「中道で戦ったのは失敗」——小西洋之議員が示唆する「第3の道」とは
安倍宏行(Japan In-depth 編集長・ジャーナリスト)
本稿は2本構成の第1回です。2回目は、「憲法と安全保障」を取り上げる予定です。
■本稿のポイント
・衆院選比例得票で自民2103万票に対し中道改革連合は1044万票。合流前の立憲・公明合計1752万票から700万票超が消えた現実を小西議員自身が「失敗だった」と認めた。
・中道改革連合は衆院のみの政党で参院議員は立憲・公明の原籍政党に留まる。地方議員の多くも中道への合流に否定的で、「誰も得しない」状況が続いている。
・小西議員は現在の「合流か合流しないか」という2択に代わる「第3の道」があると示唆した。具体的な内容は次回登場時に明かすとしている。
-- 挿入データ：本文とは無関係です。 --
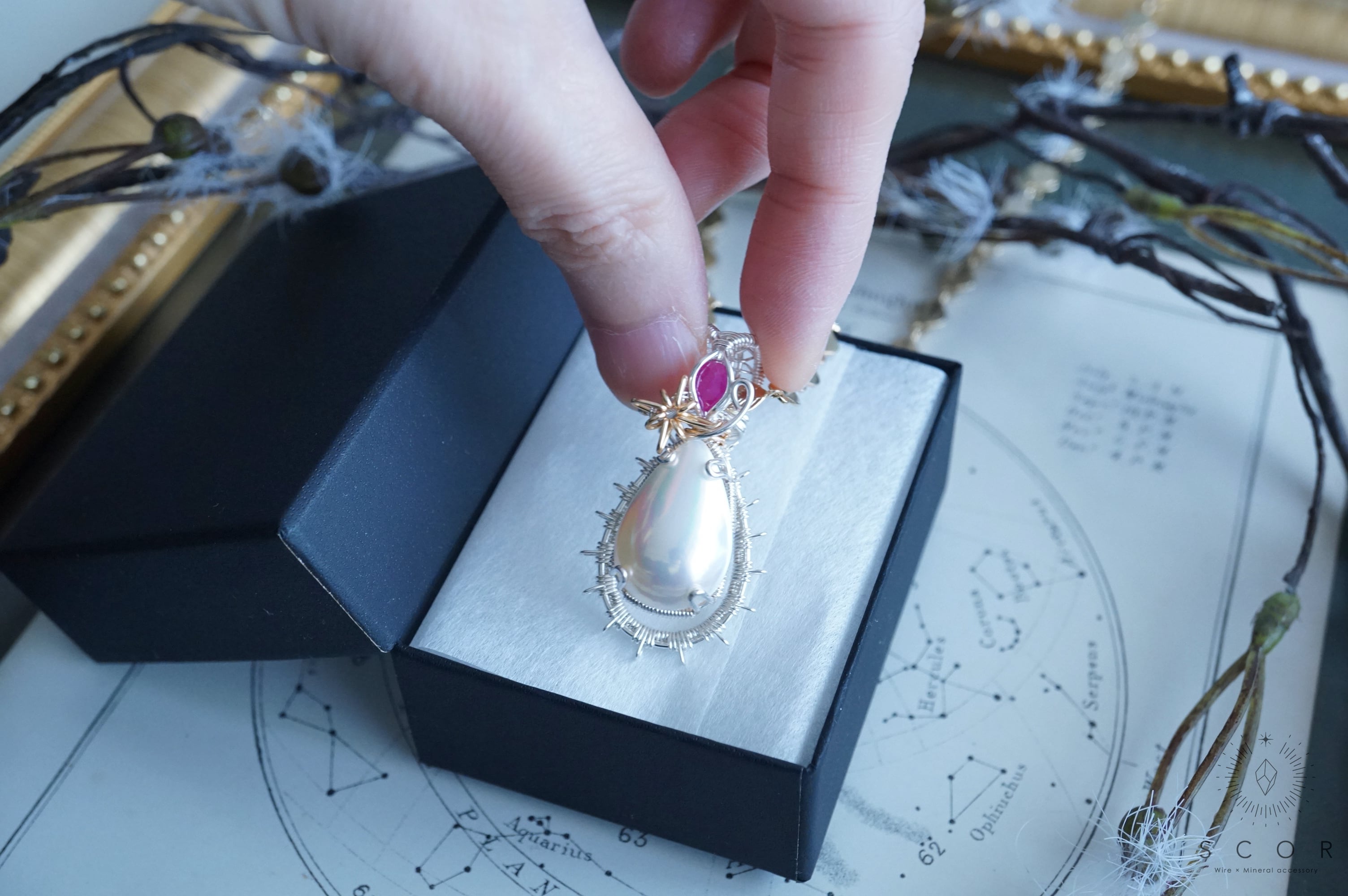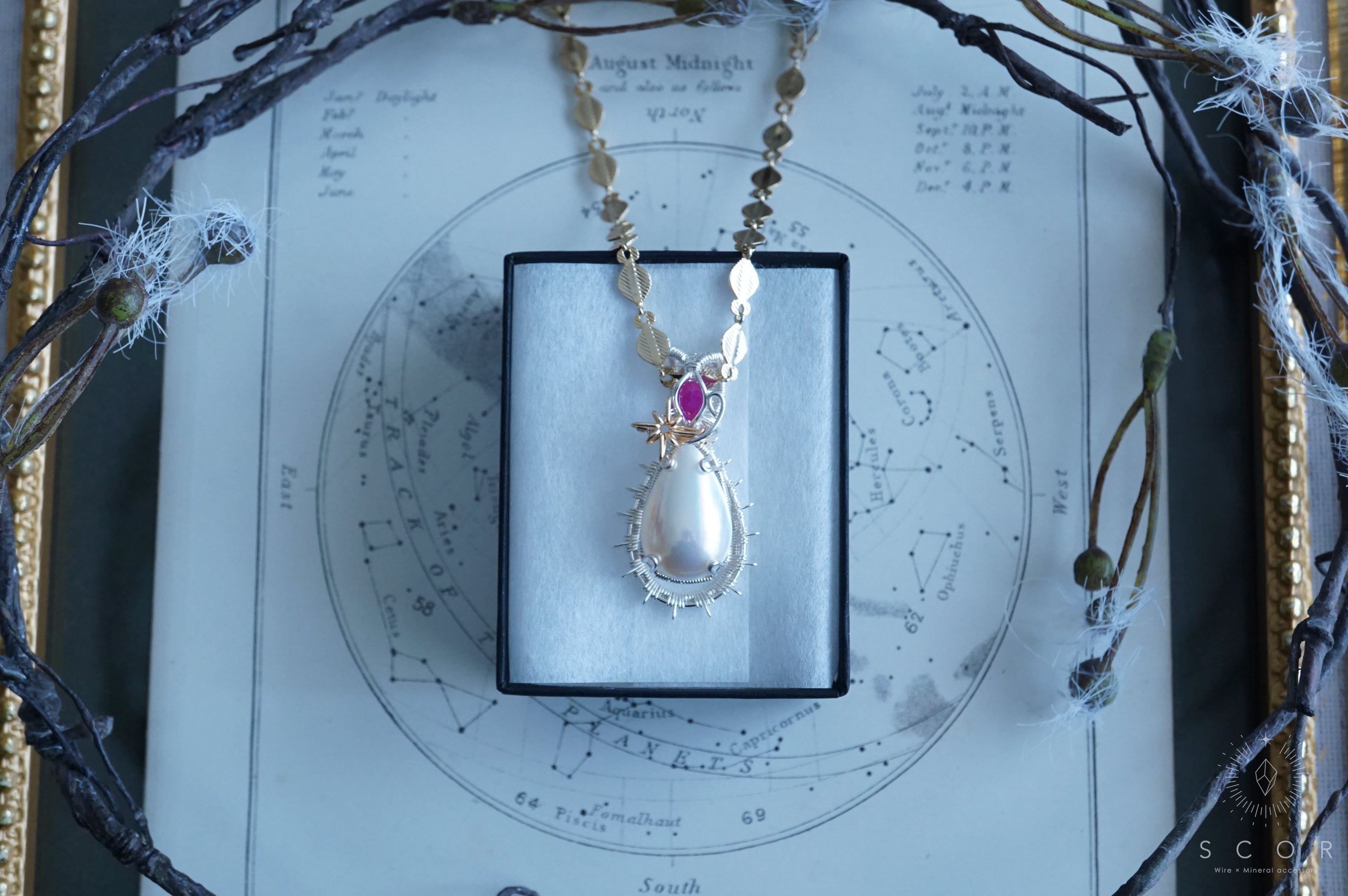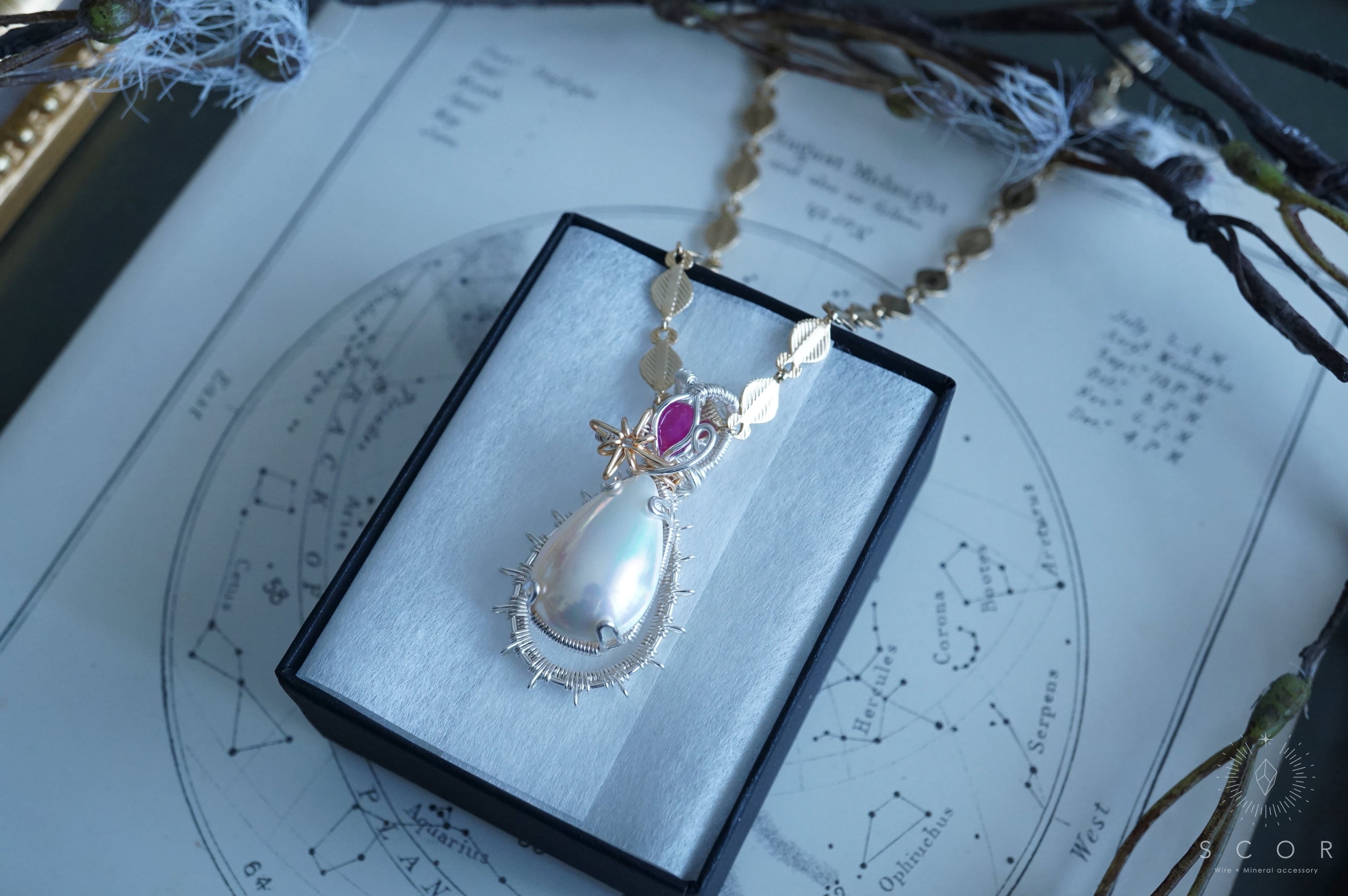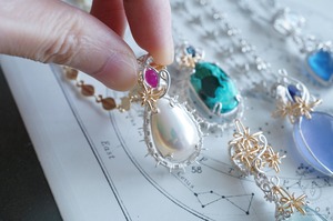 金色のネックレスと合わせると、光芒型のワイヤーモチーフとマベパールの干渉色のピンクとルビーの色合いが引き立ち華やかな雰囲気に。
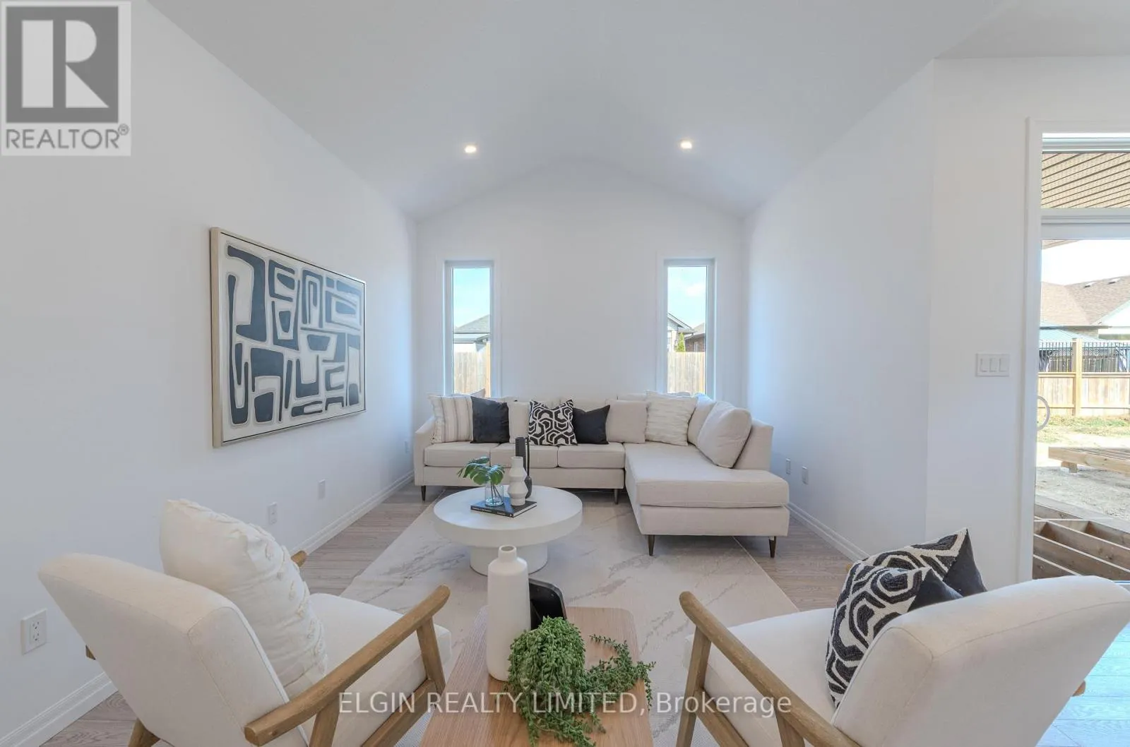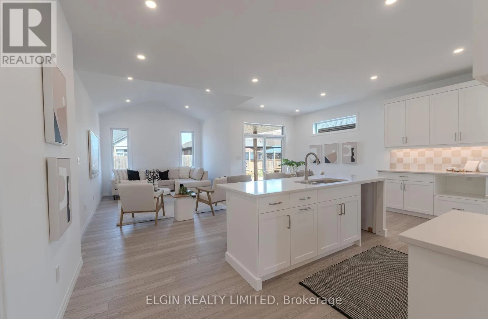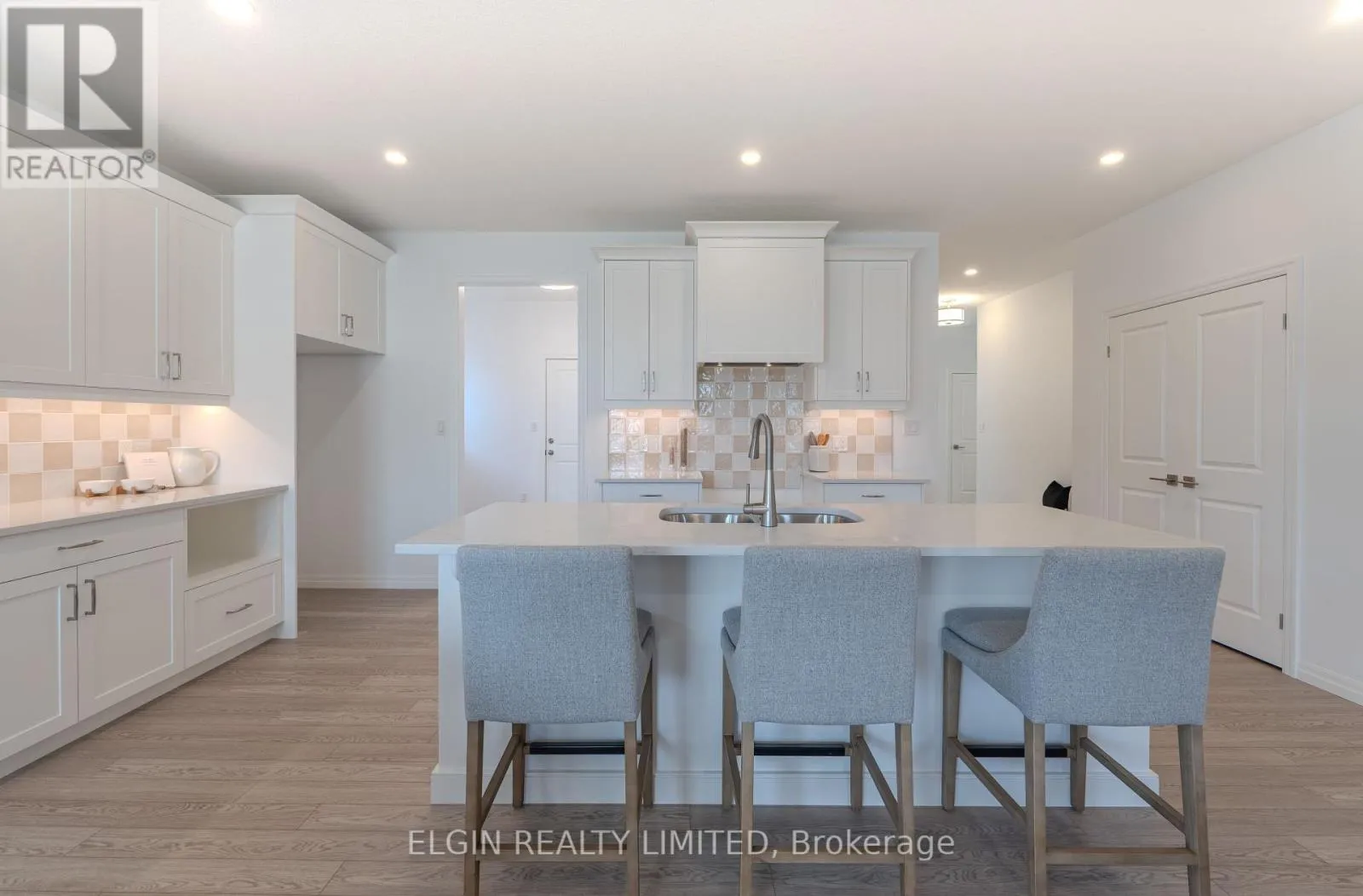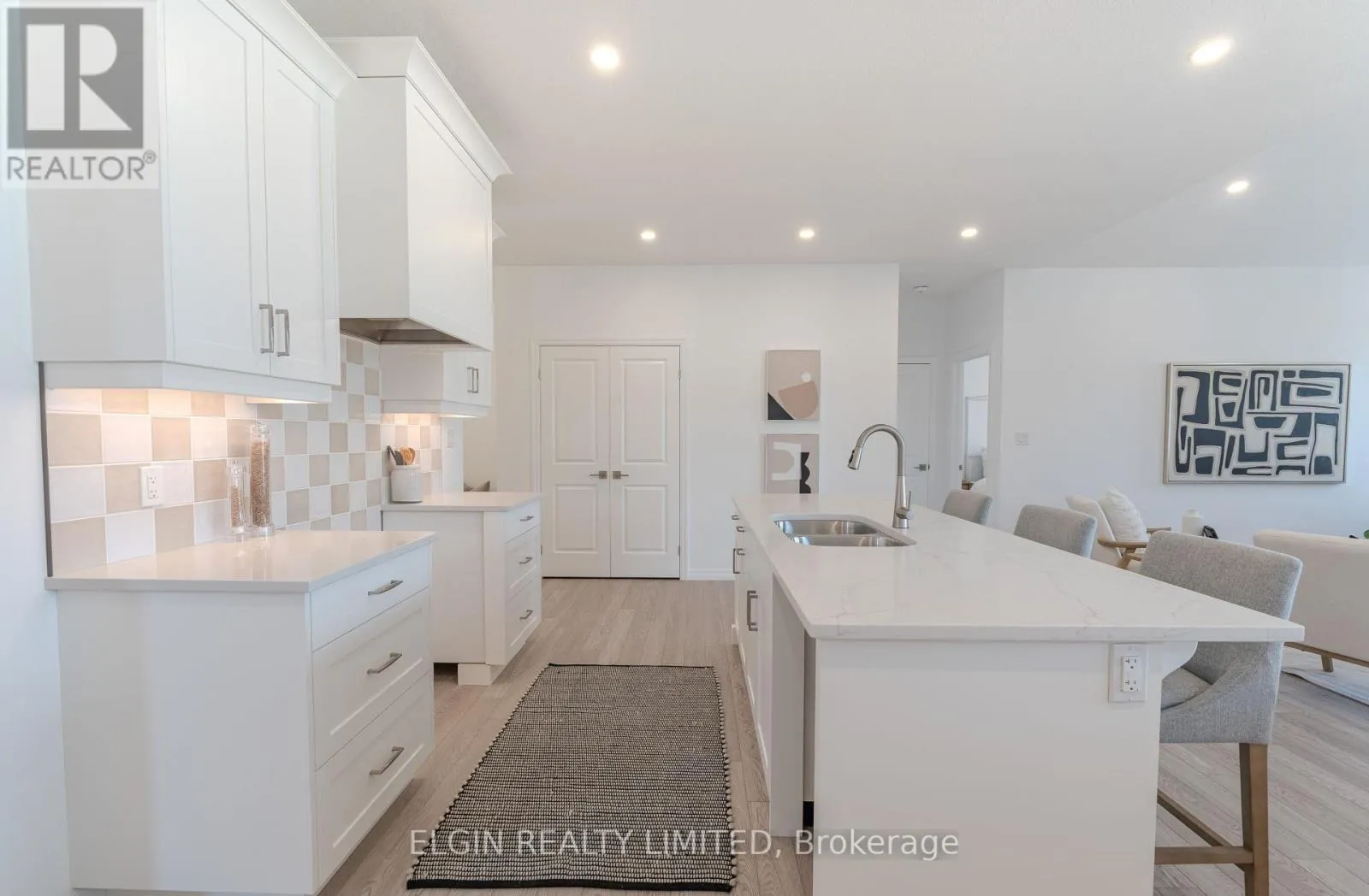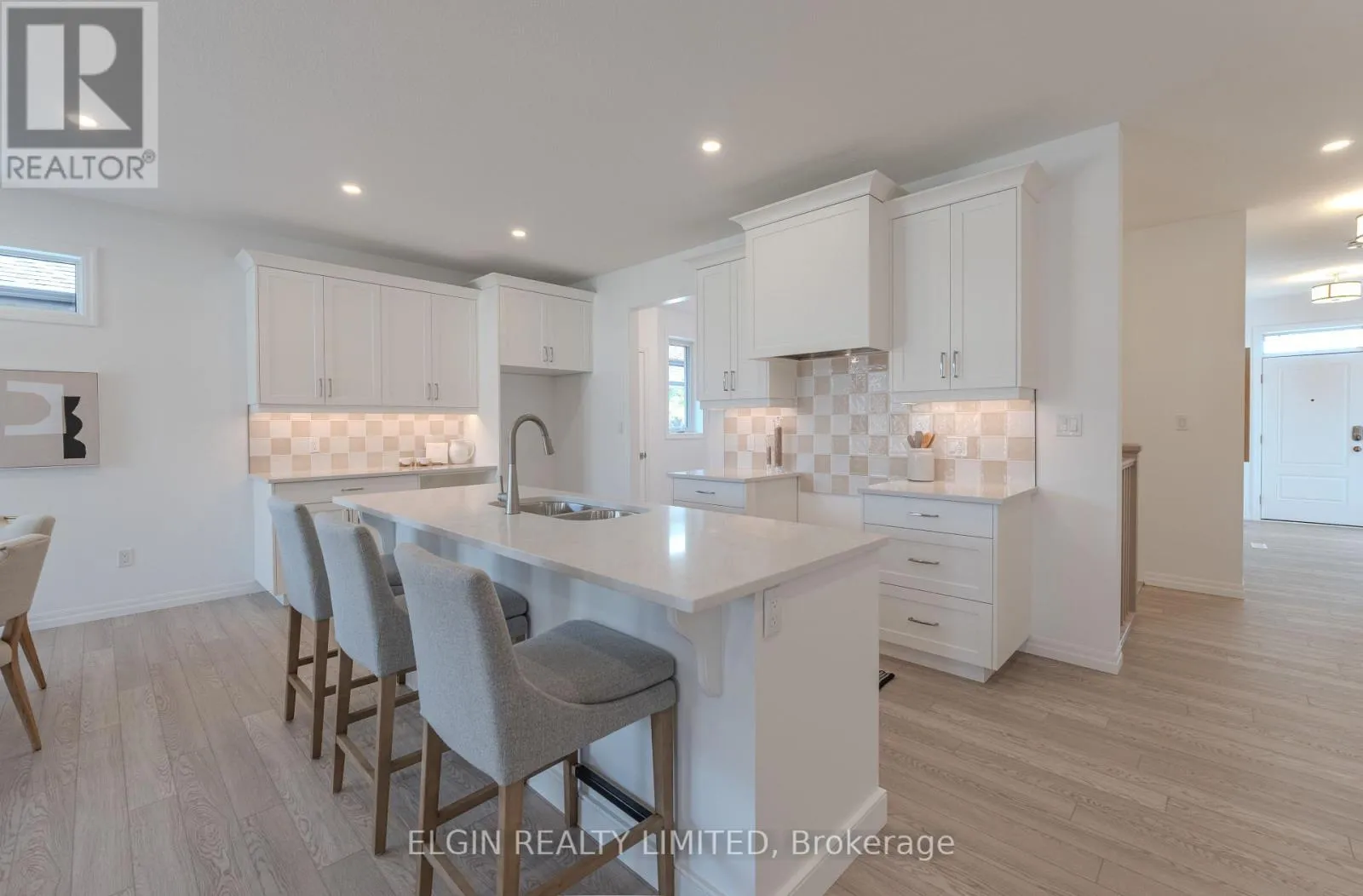 Cross Streets: Wellington Rd & McBain Line. ** Directions: Wellington Rd to McBain Line, right on Watson Cres., left on Freeman Line, left on McBain, house on left side at end - builder sign on. Move-in ready, the Kempston bungalow crafted by Hayhoe Homes offers stylish single-level living with 2 bedrooms, a main floor office, and 2 bathrooms, including a private 3-piece ensuite in the primary bedroom. The open-concept layout features a designer kitchen with quartz countertops, island, tile backsplash, and pantry, flowing into a spacious great room with cathedral ceilings, and dining area with patio doors leading to the rear deck. The unfinished basement offers excellent development potential for a future family room, additional bedrooms, and bathroom. Additional highlights include 9' main floor ceilings, luxury vinyl plank flooring (as per plan), convenient main floor laundry, BBQ gas line, double garage, and numerous upgrades throughout. Located in the desirable Lynhurst Heights community with easy access to London, highways, and just minutes from parks, grocery stores, and restaurants. Taxes to be assessed. (id:27476)

2026年2月の衆院選で自民党が単独3分の2を超える歴史的大勝を収める一方、立憲民主党と公明党が結成した中道改革連合は公示前の172議席から49議席へと激減した。この敗北をどう総括するのか。そして野党はこれからどこへ向かうのか。Japan In-depthチャンネルは4月22日、立憲民主党の小西洋之参議院議員(千葉選挙区、3期)を招き、安倍宏行編集長が聞いた。小西議員は「中道で選挙を戦ったのは失敗だった」と明言し、現在の3党関係に代わる「第3の道」の存在を示唆した。(Japan In-depth編集部)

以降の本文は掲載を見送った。